> On 31 Jan 2019, at 01:28, agrayson2...@gmail.com wrote:
> 
> 
> 
> On Wednesday, January 30, 2019 at 2:38:58 PM UTC-7, agrays...@gmail.com wrote:
> 
> 
> On Wednesday, January 30, 2019 at 5:16:05 AM UTC-7, Bruno Marchal wrote:
> 
>> On 30 Jan 2019, at 02:59, agrays...@gmail.com <> wrote:
>> 
>> 
>> 
>> On Tuesday, January 29, 2019 at 4:37:34 AM UTC-7, Bruno Marchal wrote:
>> 
>>> On 28 Jan 2019, at 22:50, agrays...@gmail.com <> wrote:
>>> 
>>> 
>>> 
>>> On Friday, January 25, 2019 at 7:33:05 AM UTC-7, Bruno Marchal wrote:
>>> 
>>>> On 24 Jan 2019, at 09:29, agrays...@gmail.com <> wrote:
>>>> 
>>>> 
>>>> 
>>>> On Sunday, January 20, 2019 at 11:54:43 AM UTC, agrays...@gmail.com 
>>>> <http://gmail.com/> wrote:
>>>> 
>>>> 
>>>> On Sunday, January 20, 2019 at 9:56:17 AM UTC, Bruno Marchal wrote:
>>>> 
>>>>> On 18 Jan 2019, at 18:50, agrays...@gmail.com <> wrote:
>>>>> 
>>>>> 
>>>>> 
>>>>> On Friday, January 18, 2019 at 12:09:58 PM UTC, Bruno Marchal wrote:
>>>>> 
>>>>>> On 17 Jan 2019, at 14:48, agrays...@gmail.com <> wrote:
>>>>>> 
>>>>>> 
>>>>>> 
>>>>>> On Thursday, January 17, 2019 at 12:36:07 PM UTC, Bruno Marchal wrote:
>>>>>> 
>>>>>>> On 17 Jan 2019, at 09:33, agrays...@gmail.com <> wrote:
>>>>>>> 
>>>>>>> 
>>>>>>> 
>>>>>>> On Thursday, January 17, 2019 at 3:58:48 AM UTC, Brent wrote:
>>>>>>> 
>>>>>>> 
>>>>>>> On 1/16/2019 7:25 PM, agrays...@gmail.com <> wrote:
>>>>>>>> 
>>>>>>>> 
>>>>>>>> On Monday, January 14, 2019 at 6:12:43 AM UTC, Brent wrote:
>>>>>>>> 
>>>>>>>> 
>>>>>>>> On 1/13/2019 9:51 PM, agrays...@gmail.com <> wrote:
>>>>>>>>> This means, to me, that the arbitrary phase angles have absolutely no 
>>>>>>>>> effect on the resultant interference pattern which is observed.

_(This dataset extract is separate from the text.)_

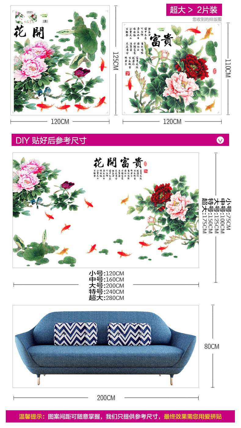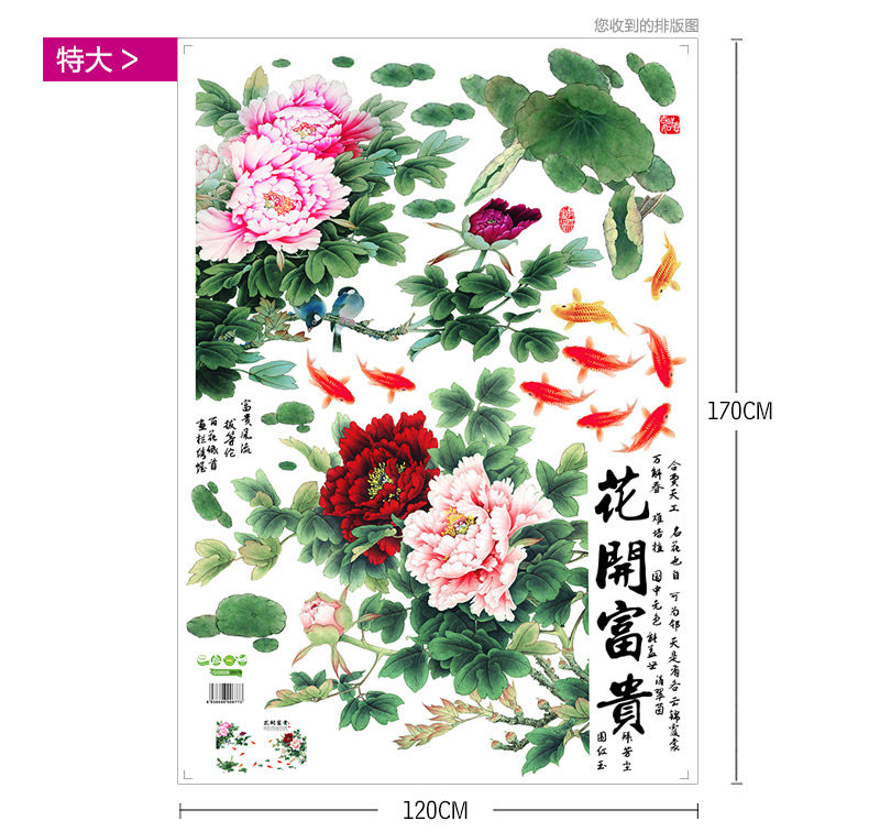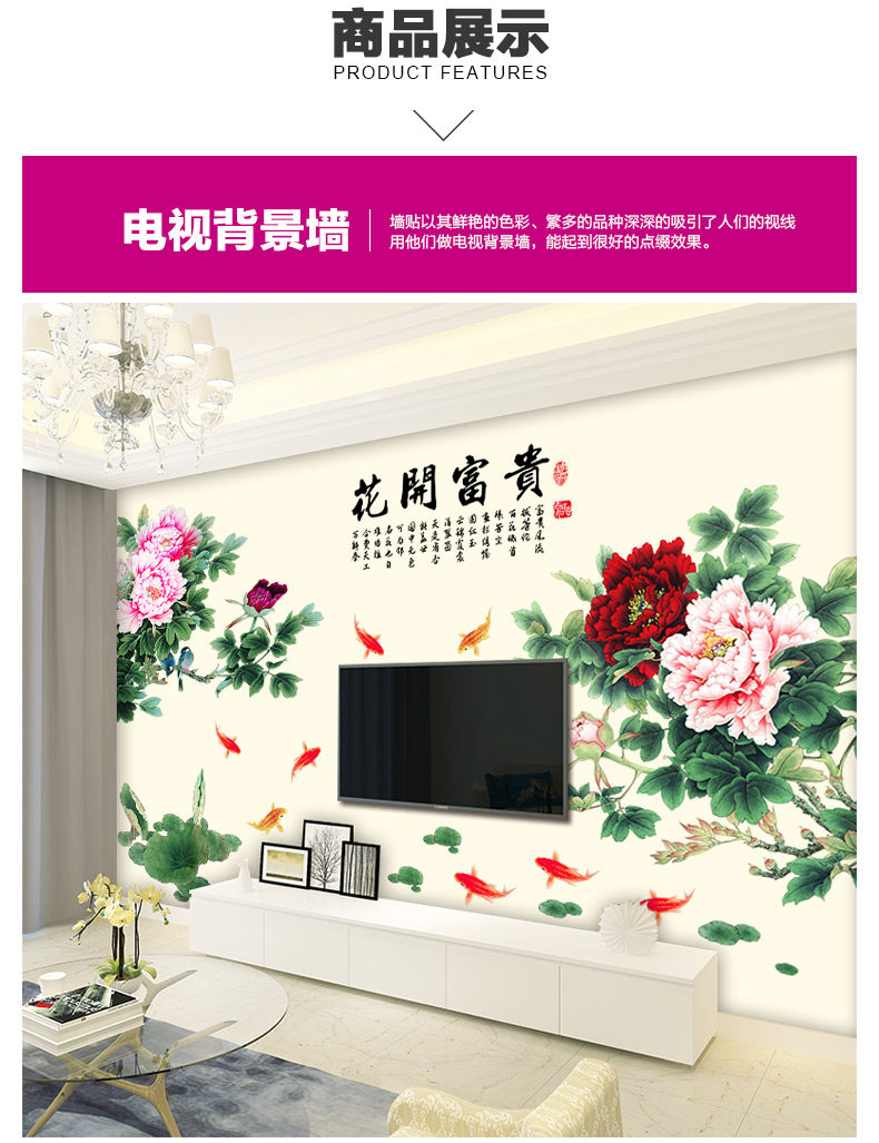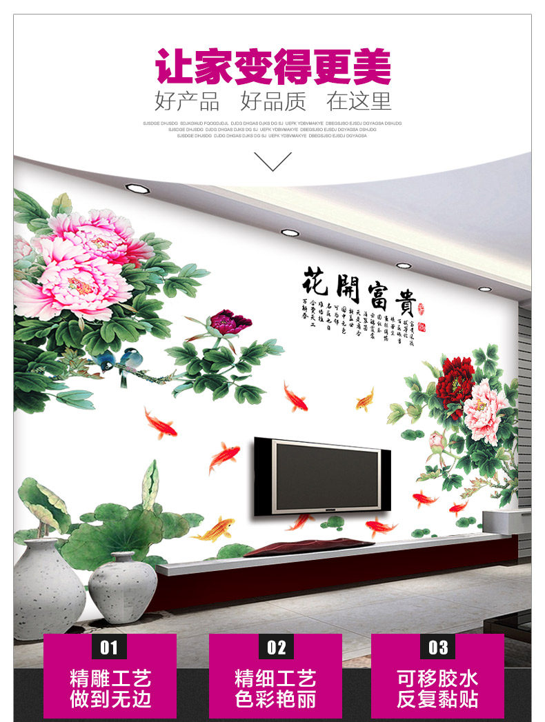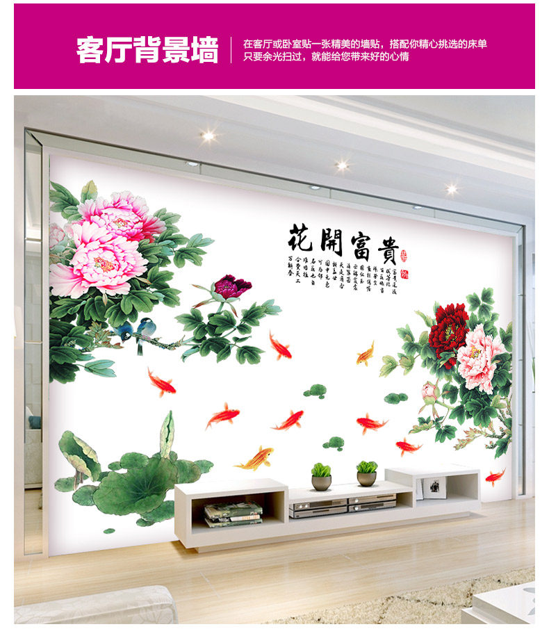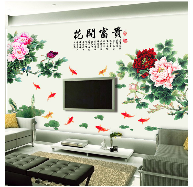 牡丹花中国风超大型墙贴画典雅客厅卧室装饰电视背景墙贴纸自粘

But 
>>>>>>>>> isn't this what the phase angles are supposed to effect? AG
>>>>>>>> 
>>>>>>>> The screen pattern is determined by relative phase angles for the 
>>>>>>>> different paths that reach the same point on the screen.  The relative 
>>>>>>>> angles only depend on different path lengths, so the overall phase 
>>>>>>>> angle is irrelevant.
>>>>>>>> 
>>>>>>>> Brent
>>>>>>>> 
>>>>>>>> Sure, except there areTWO forms of phase interference in Wave 
>>>>>>>> Mechanics; the one you refer to above, and another discussed in the 
>>>>>>>> Stackexchange links I previously posted. In the latter case, the wf is 
>>>>>>>> expressed as a superposition, say of two states, where we consider two 
>>>>>>>> cases; a multiplicative complex phase shift is included prior to the 
>>>>>>>> sum, and different complex phase shifts multiplying each component, 
>>>>>>>> all of the form e^i (theta). Easy to show that interference exists in 
>>>>>>>> the latter case, but not the former. Now suppose we take the inner 
>>>>>>>> product of the wf with the ith eigenstate of the superposition, in 
>>>>>>>> order to calculate the probability of measuring the eigenvalue of the 
>>>>>>>> ith eigenstate, applying one of the postulates of QM, keeping in mind 
>>>>>>>> that each eigenstate is multiplied by a DIFFERENT complex phase shift. 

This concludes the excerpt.